There was nothing more important to Miss Mackay than staying on task, but she left plenty of room for questions, and even sometimes debate. I remember heated arguments over Title IX, communist principles, and what exactly makes someone a conservative or a liberal. Miss Mackay entertained these discussions without pedantry, and treated her classroom full of sometimes ill-informed children as respected intellectuals, which in turn made us act like respected intellectuals. Most of the time.
We, her and I, once got into a heated debate over the definition of the word “several.” She thought it meant a few, I thought it meant more than a few (and still do). The definition of the word determined whether or not I would lose a point on the homework assignment we were grading. One point out of many, many points over the semester. If I were the teacher, I would tell me to minus that point and get over it. It would not affect my grade even a little.

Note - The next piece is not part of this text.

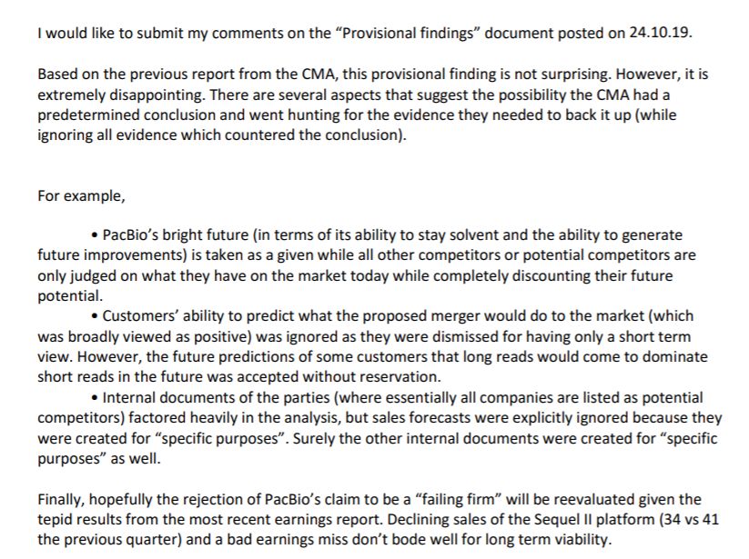 2018年11月,基因测序巨头Illumina拟对PacBio的12亿美元收购案一度引发全球基因测序行业的广泛关注。通过将Illumina的短读长测序技术和PacBio的长读长测序技术相结合,这项交易势必将进一步巩固Illumina在基因测序领域的优势地位。 但消息发布后,该交易迅速引起了英国监管部门的关注。2019年4月,英国反垄断监管机构——竞争和市场管理局(CMA)发表声明,表示已对该交易展开调查并正在探讨该收购可能带来的影响。2019年10月24日,CMA发布调查文件,表示已“暂时得出结论”:该收购计划将导至英国乃至全球下一代测序系统市场的竞争大幅减少。CMA认为,现阶段唯一可能有效的补救措施是禁止拟议的收购交易,以保持英国以及全球测序市场的竞争,并提议Illumina、PacBio和公众提出其他补救措施。本月,对于CMA发布的调查结果,Illumina及PacBio进行了回应并提出了相关补救措施。根据11月19日CMA发布的一项文件,Illumina和PacBio提议,如果这项收购完成,将为所有感兴趣的第三方提供Illumina及PacBio的pre-closing专利及专利申请的永久的、免版税的、不可变更的技术许可,但只可用于单分子和长读长测序,以及自然界存在的DNA/RNA测序系统和相关涉及测序的化学过程。此外,Illumina还建议为第三方建立争议解决机制,以解除各方对Illumina违反其承诺的担忧。(虽然Illumina已作出了颇为有力的让步,但这些提议举措似乎还难以完全消除CMA及该领域其他竞争对手的担忧。就在上周,英国第三代测序领域上游制造商Oxford Nanopore(牛津纳米孔)在一份提交至CMA的文件中对Illumin提出的补救措施进行了回应。Oxford Nanopore认为,Illumina公司向第三方授权相关知识产权以获得收购PacBio许可的提议还远远不够;相反,Oxford Nanopore提议,如果这项交易完成,Illumina应拆分部分业务,例如NovaSeq产品线——而这正是Illumina目前最为成功的核心测序平台。图:Oxford Nanopore对Illumin就收购PacBio提出的补救措施回应,图片来源:gov.uk 在这份11月21日提交至CMA并于昨日发布的文件中,Oxford Nanopore评论道:“这项空洞的提案无助于消除该收购在英国或全球范围内所带来的限制市场竞争的影响。”Oxford Nanopore重申了合并后的Illumina及PacBio将在“NGS市场上占据垄断地位”,预计其在英国的市场份额将超过90%,在全球的市场份额将超过80%。 此外,Oxford Nanopore还表示,Illumina提议开放的知识产权许可“存在严重的局限性,似乎仅限于一个非常有限的使用领域。”在Oxford Nanopore看来,Illumina补救措施中所定义的应用领域可能会排除非自然界存在的DNA测序等,例如cDNA或扩增的DNA。Oxford Nanopore在文件中写道,该许可仅适用于一小部分下一代测序市场,将无法涵盖当前及未来使用Oxford Nanopore或其他测序技术的大范围生物分析。在补充文件中,Oxford Nanopore列出了其认为可能不会被开放知识产权覆盖的应用领域,包括扩增子测序、STR测序、通过cDNA进行的RNA测序、宏基因组测序、无创产前检测、新生儿筛查、循环DNA分析、基于FFPE组织的DNA测序以及古DNA测序。Oxford Nanopore还强调,无论知识产权的覆盖范围最终如何,Illumina和PacBio仍然可以采取反竞争策略,以阻止竞争对手进入市场或扩张。鉴于市场的挑战以及合并实体的强大实力,Illumina和PacBio提供的知识产权许可无论多么宽泛,都无法在可预见的未来确保其从事反竞争行为。Oxford Nanopore建议,除了提供“广泛的知识产权许可”,合并后的公司应该拆分部分业务,例如Illumina的NovaSeq产品线。鉴于NovaSeq对Illumina业务的重要性,这一举措似乎很难成为现实。以Illumina第三季度的营收为例,NovaSeq测序仪的销售额为Illumina第三季度测序仪器的营收增长贡献达1.42亿美元。除此之外,Illumina首席执行官Francis deSouza在第三季度财报电话会议上还表示,NovaSeq近期已超过HiSeq X成为产生最多测序数据的平台且仍有广阔的发展机会。图:Shawn Baker就CMA调查结果评论,图片来源:gov.uk 值得关注的是,对于Illumina对PacBio的收购,并非所有机构都与Oxford Nanopore持类似意见。 在发布Oxford Nanopore回应文件的当天,CMA还发布了基因组学商业咨询公司AllSeq联合创始人Shawn Baker博士的一份评论,其中暗示CMA的调查结果有失客观。Shawn Baker强调,CMA将PacBio在不与Illumina合并的情况下保持偿债能力视为“既定条件”,但在评估竞争对手时并未考虑PacBio未来增长压力,并忽视了该公司的营收预测。鉴于PacBio最新的季度营收报告,尽管测序仪器销售额同比增长强劲,但是Sequel II平台的销售额却出现了连续的下降。他还暗示,CMA似乎忽视了那些认为Illumina和PacBio的合并将有利于测序市场的客户,只听取了那些认为长读长测序将在未来主导短读长测序客户的意见。对于Oxford Nanopore本次发表的意见,目前Illumina及PacBio还未作出回应。 |

But not Miss Mackay. She understood how important that single point was to a nerd like me, and after a lengthy back and forth with the whole class chiming in, she gave me the point.
I would not blame Miss Mackay if she did not remember me. I was one of hundreds, maybe thousands of students she taught over her career. But also, it would not surprise me if she remembered every single one of us, because that’s how much she seemed to care. And I have no doubt we all remember her and the impact she left on our feelings about our country and about ourselves.